В отличие от «многовекторной» бюрократии, пытающейся, в меру своих скромных способностей, балансировать между Россией и Западом, политическое поведение оппозиционных националистов отличается завидным постоянством. Их последовательная и твердая ориентация на Запад, с ее неизменной антирусской и антисоветской составляющей, базируется на интеллектуально примитивной идеологии этнического национализма. Средством обслуживания этой идеологии и выступает указанный тип исторического нарратива с отчетливо выраженной мифологической константой. Поэтому нарратив, присущий данному типу историографии, представляет собой наиболее законченную форму идеологической интерпретации сюжетов «национальной истории».

Следует также отметить, что официальный исторический нарратив, призванный к конструированию будущей национальной идентичности, все еще не определился с критериями отличий «нас» от «других». Под «другими» понимаются, прежде всего, Россия и русские. Иначе обстоит дело в историографии, идейно связанной с этническим национализмом. Здесь нужный исторический нарратив с четкими критериями различий «нас» от «других» историки уже сконструировали. «Другие», по их убеждению, это те, кто постоянно угрожают «нам» и поэтому являются чужими, врагами18.

Однако, прежде чем перейти к рассмотрению характерных примеров «производства» прошлого, инициированного идеями оппозиционного этнического национализма, следует дать общую характеристику проблем, характерных для современной белорусской историографии, как официальной, так и неофициальной.

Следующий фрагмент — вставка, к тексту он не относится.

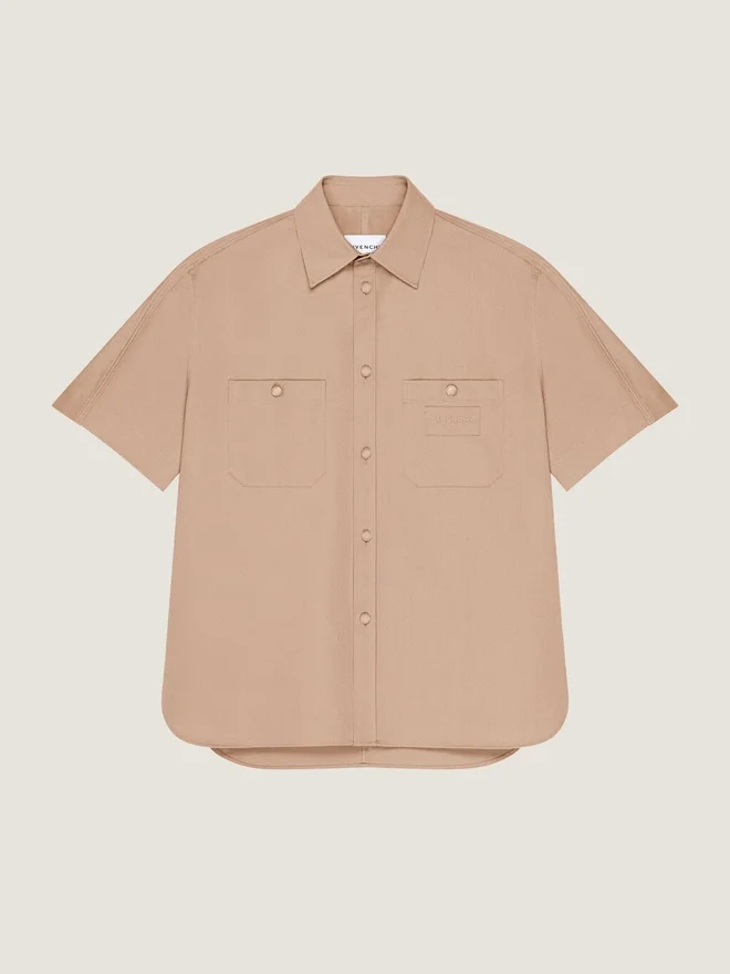 In Anlehnung an das Couture-Erbe von Givenchy ziehen geschwungene, umgekehrte Nähte an Ärmeln und Hosenbeinen verlaufende Linien und schaffen so eine skulpturale Silhouette. Der Givenchy Paris-Schriftzug greift Vintage-College-Referenzen auf und interpretiert klassische Schriftzüge in subtilen, kontrastreichen und gestickten Applikationen neu.Kurzärmeliges Hemd aus Baumwolltwill.Klassischer Kragen.Givenchy Paris-Aufnäher aus dem gleichen Stoff auf der Brust.Knopfverschluss.Zwei Brusttaschen.Couture-Nähte.Locker sitzender Schnitt. Das Model ist 1,85 m groß und trägt Größe M. D FarbeD BeigeD MaterialD 100 % BaumwolleD PflegeD Maximale Waschtemperatur 30 °C, SchonwaschgangBügeln bei maximaler Bügeleisentemperatur (110 °C) ohne DampfNicht im Wäschetrockner trocknenNicht bleichenChemische Reinigung mit Perchlorethylen und Kohlenwasserstoffen, SchonwaschgangHerkunftslandPortugalArtikelnummerBm618315Xz-250 Pflegehinweise: In unseren Ateliers entwerfen wir mutig und kreativ einzigartige Kleidungsstücke aus hochwertigen Materialien.Um den Glanz Ihres Givenchy-Produkts zu bewahren, empfehlen wir, es in einem Staubbeutel aus Baumwolle an einem trockenen, kühlen Ort aufzubewahren. Für die meisten unserer Produkte wird eine chemische Reinigung empfohlen. Bitte beachten Sie unbedingt die Pflegehinweise auf dem Etikett Ihres Artikels. Besuchen Sie gerne unsere spezielle Seite oder wenden Sie sich direkt an unsere Givenchy-Teams, wenn Sie weitere Informationen wünschen.Maximal 30 °C waschen, SchonwaschgangBei maximaler Bügeleisentemperatur (110 °C) ohne Dampf bügelnNicht im Wäschetrockner trocknenNicht bleichenChemische Reinigung mit Perchlorethylen und Kohlenwasserstoffen, Schonwaschgang
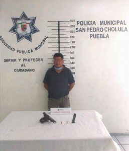 Resultado de una oportuna intervención de Policías Municipales de la Secretaría de Seguridad Ciudadana de San Pedro Cholula, se aseguró a un hombre que manejaba en estado de ebriedad y realizaba detonaciones con un arma de fuego.

По утверждению Г. Баттерфилда, мы не должны навязывать наши идеи прошлому, но должны стремиться понять каждую историческую эпоху «в ее собственных категориях»19. Однако это непреложное правило исторической науки не распространяется на процесс формирования «национального» исторического нарратива. Его задача как раз и заключается в том, чтобы «осовременить» историю страны с помощью националистической интерпретации событий прошлого. Следовательно, придать массовому историческому сознанию, формируемому в условиях политической независимости, идейную одномерность, присущую «ретроспективной мифологии» современного национализма.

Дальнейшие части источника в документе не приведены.